**What to produce:**
Below are records with pictures in them. Transcribe everything from the line containing "Instantly elevate your" down to the line containing "1. Setting >", exactly, and leave the pictures behind.

**Study material:**
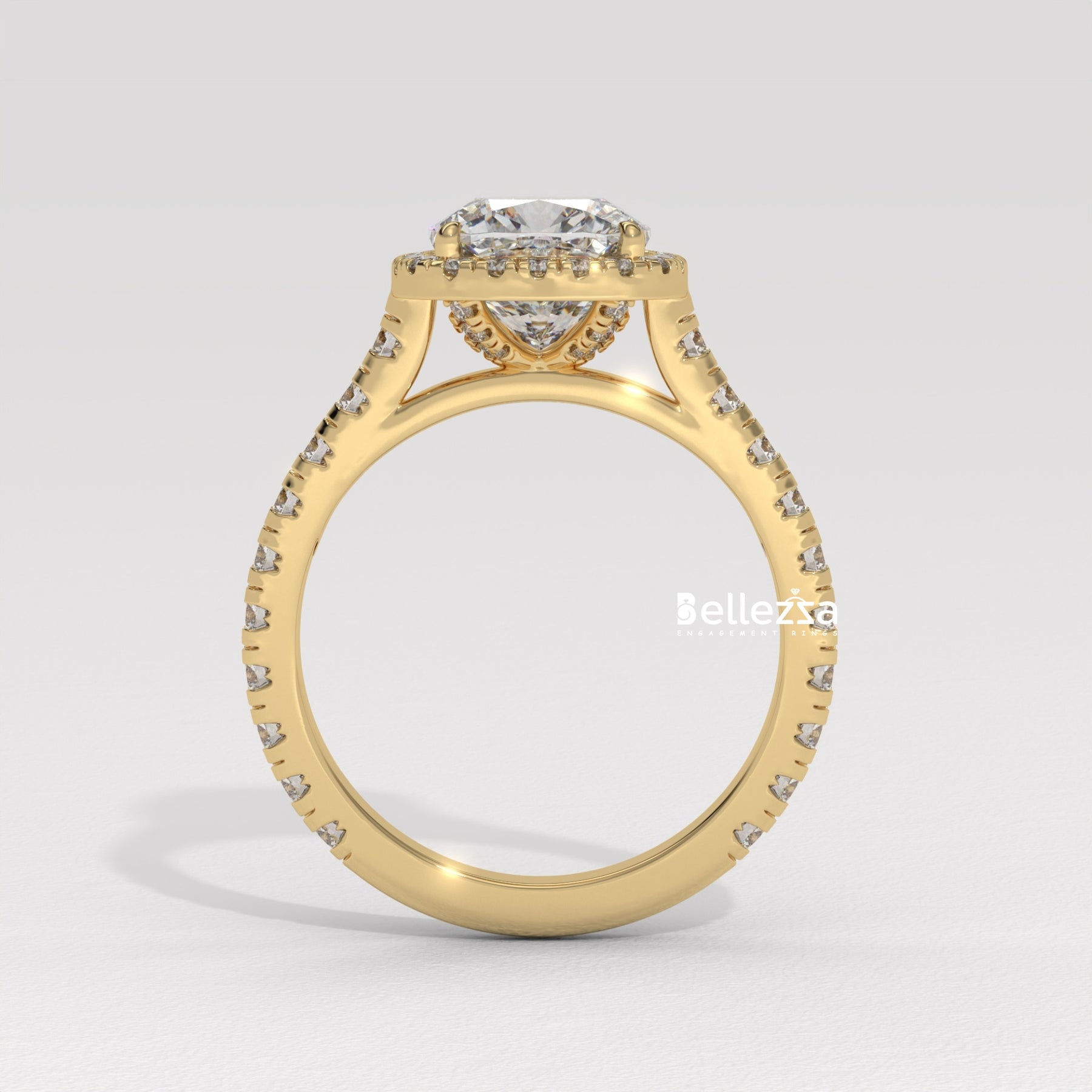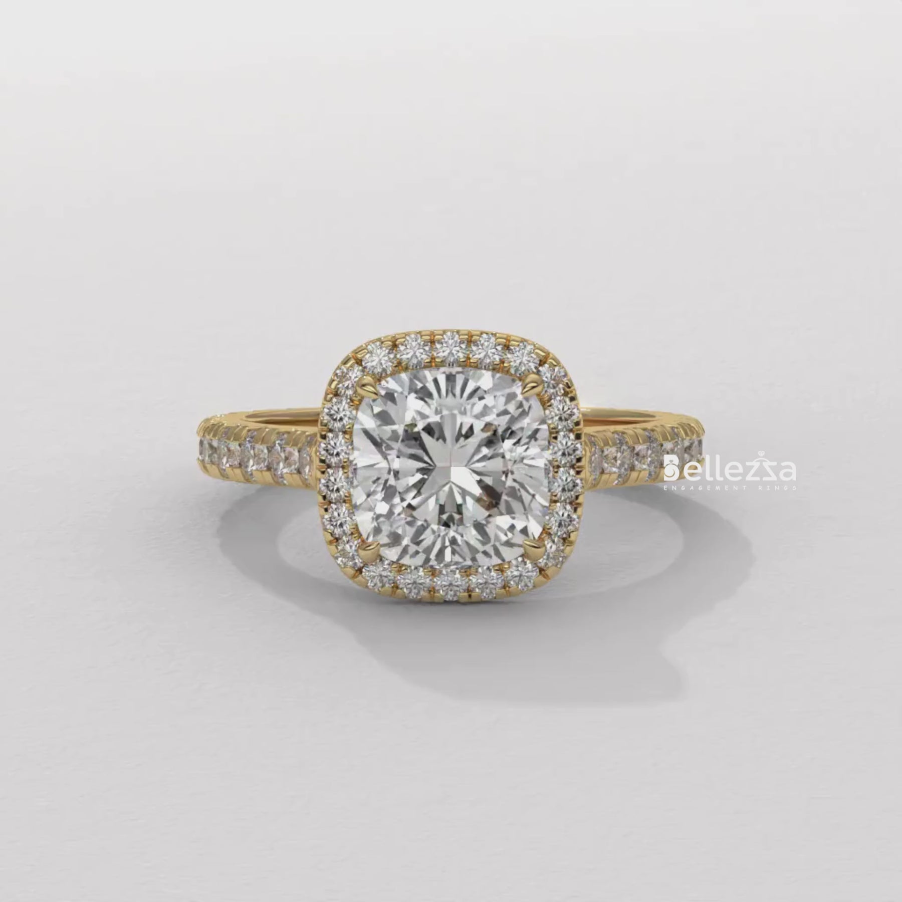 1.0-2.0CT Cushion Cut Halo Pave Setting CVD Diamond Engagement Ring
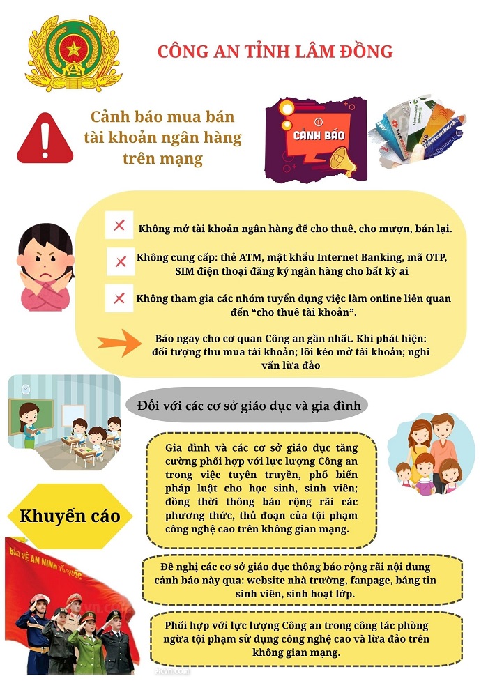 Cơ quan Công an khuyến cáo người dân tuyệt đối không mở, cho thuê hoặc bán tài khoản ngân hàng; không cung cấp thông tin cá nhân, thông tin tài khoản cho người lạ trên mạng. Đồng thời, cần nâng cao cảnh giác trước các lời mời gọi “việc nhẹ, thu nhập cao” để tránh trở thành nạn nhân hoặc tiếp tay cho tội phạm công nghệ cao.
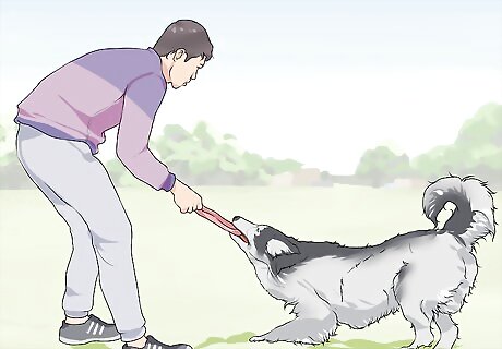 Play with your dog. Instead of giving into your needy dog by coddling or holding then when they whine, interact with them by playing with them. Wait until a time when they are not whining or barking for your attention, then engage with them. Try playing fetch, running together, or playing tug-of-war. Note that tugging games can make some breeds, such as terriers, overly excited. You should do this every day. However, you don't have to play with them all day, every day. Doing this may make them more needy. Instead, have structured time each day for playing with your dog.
* * *
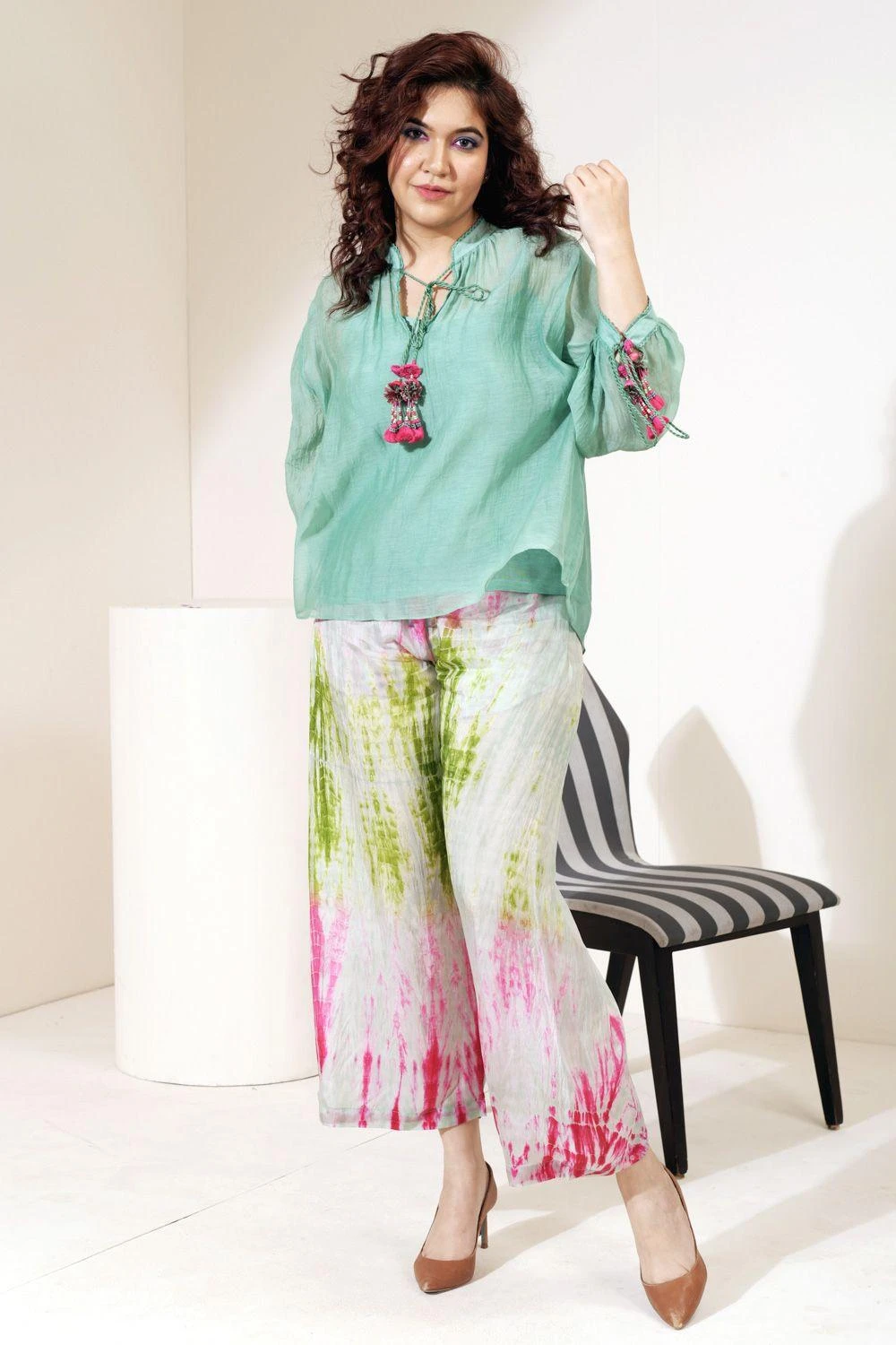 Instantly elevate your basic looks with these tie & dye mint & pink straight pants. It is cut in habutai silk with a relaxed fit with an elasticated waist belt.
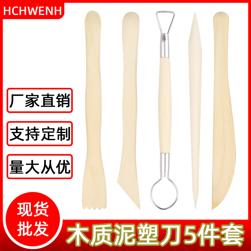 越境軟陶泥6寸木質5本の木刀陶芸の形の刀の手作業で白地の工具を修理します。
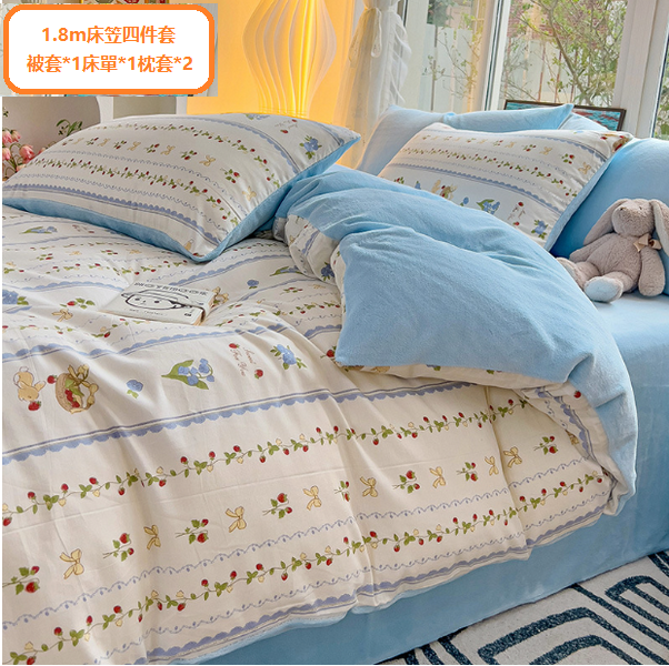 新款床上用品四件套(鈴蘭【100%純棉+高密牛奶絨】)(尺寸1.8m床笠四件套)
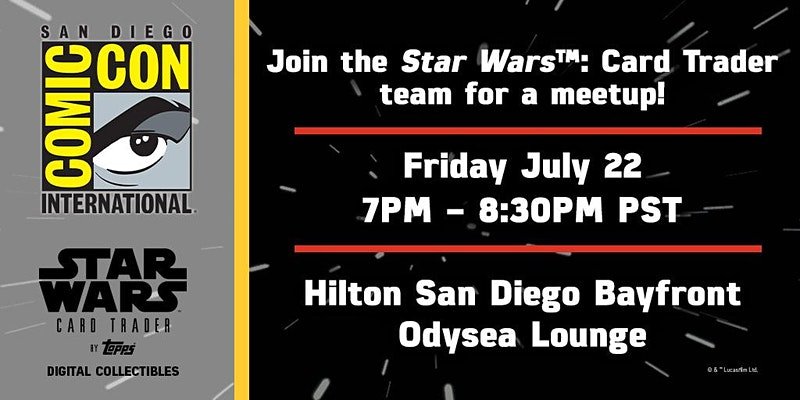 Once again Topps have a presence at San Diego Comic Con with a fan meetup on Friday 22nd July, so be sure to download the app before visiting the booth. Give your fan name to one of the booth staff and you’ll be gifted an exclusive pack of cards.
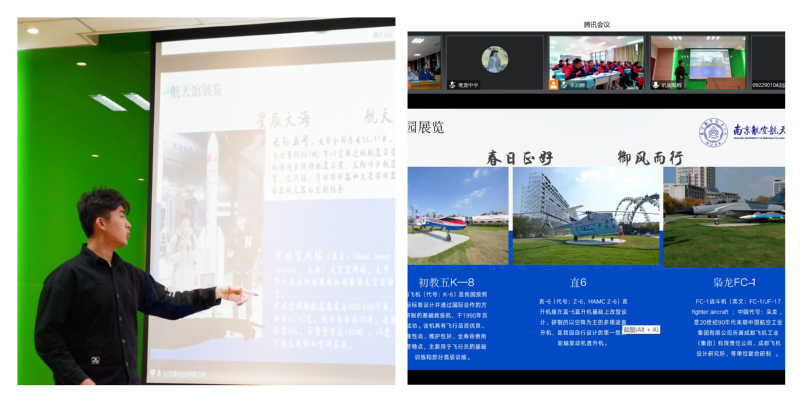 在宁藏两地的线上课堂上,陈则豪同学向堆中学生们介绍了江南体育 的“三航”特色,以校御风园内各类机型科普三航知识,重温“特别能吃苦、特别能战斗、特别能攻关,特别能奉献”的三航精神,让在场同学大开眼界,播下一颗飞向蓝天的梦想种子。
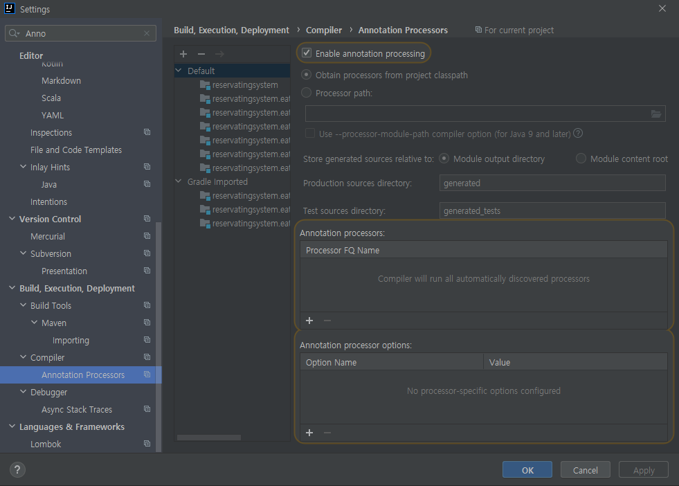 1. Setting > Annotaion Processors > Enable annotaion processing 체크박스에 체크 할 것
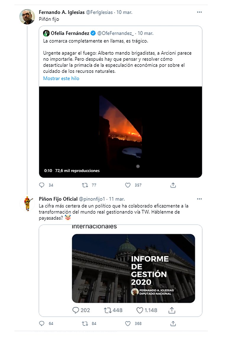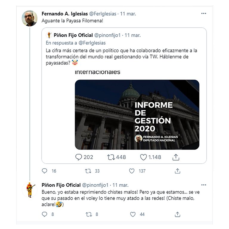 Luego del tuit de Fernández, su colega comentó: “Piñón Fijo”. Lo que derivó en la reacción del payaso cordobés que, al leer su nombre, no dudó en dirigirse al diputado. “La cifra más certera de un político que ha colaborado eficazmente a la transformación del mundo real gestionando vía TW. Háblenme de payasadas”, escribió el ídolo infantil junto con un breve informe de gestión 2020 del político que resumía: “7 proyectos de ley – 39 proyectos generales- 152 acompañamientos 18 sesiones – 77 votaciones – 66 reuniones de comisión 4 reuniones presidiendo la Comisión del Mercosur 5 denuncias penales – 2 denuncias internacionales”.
...
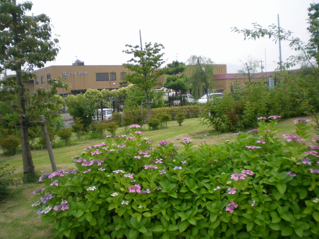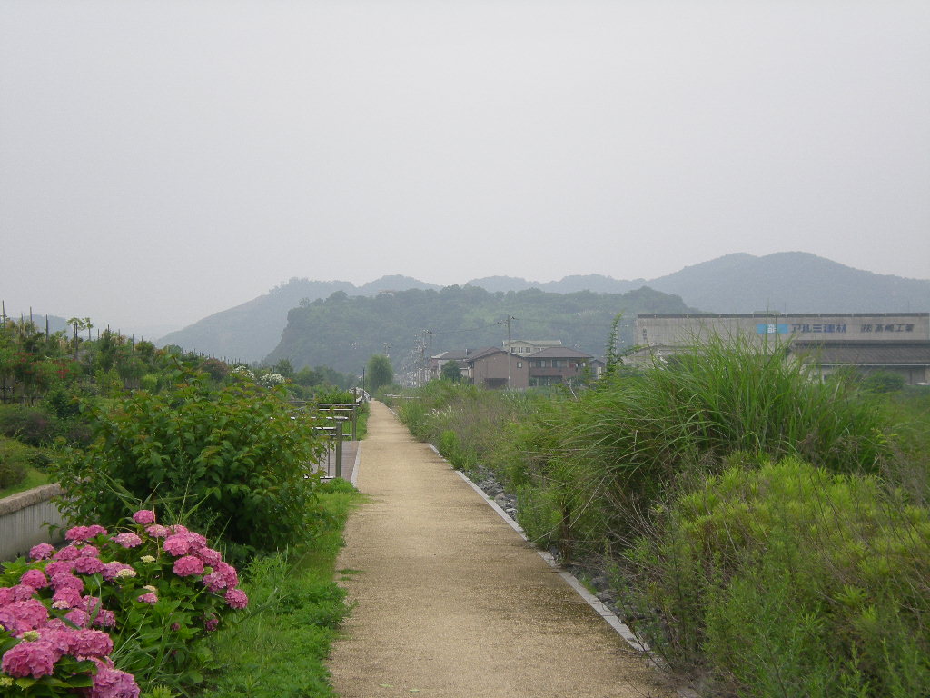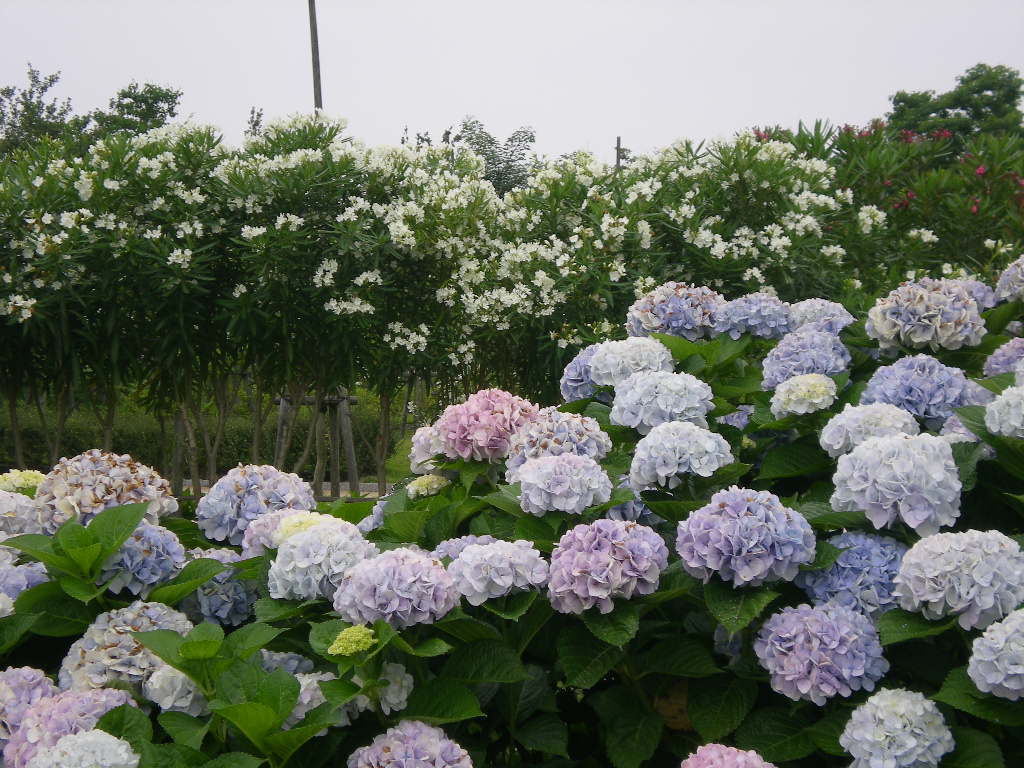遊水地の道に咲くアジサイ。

**Answer section:**
 Instantly elevate your basic looks with these tie & dye mint & pink straight pants. It is cut in habutai silk with a relaxed fit with an elasticated waist belt.
 越境軟陶泥6寸木質5本の木刀陶芸の形の刀の手作業で白地の工具を修理します。
 新款床上用品四件套(鈴蘭【100%純棉+高密牛奶絨】)(尺寸1.8m床笠四件套)
 Once again Topps have a presence at San Diego Comic Con with a fan meetup on Friday 22nd July, so be sure to download the app before visiting the booth. Give your fan name to one of the booth staff and you’ll be gifted an exclusive pack of cards.
 在宁藏两地的线上课堂上,陈则豪同学向堆中学生们介绍了江南体育 的“三航”特色,以校御风园内各类机型科普三航知识,重温“特别能吃苦、特别能战斗、特别能攻关,特别能奉献”的三航精神,让在场同学大开眼界,播下一颗飞向蓝天的梦想种子。
 1. Setting > Annotaion Processors > Enable annotaion processing 체크박스에 체크 할 것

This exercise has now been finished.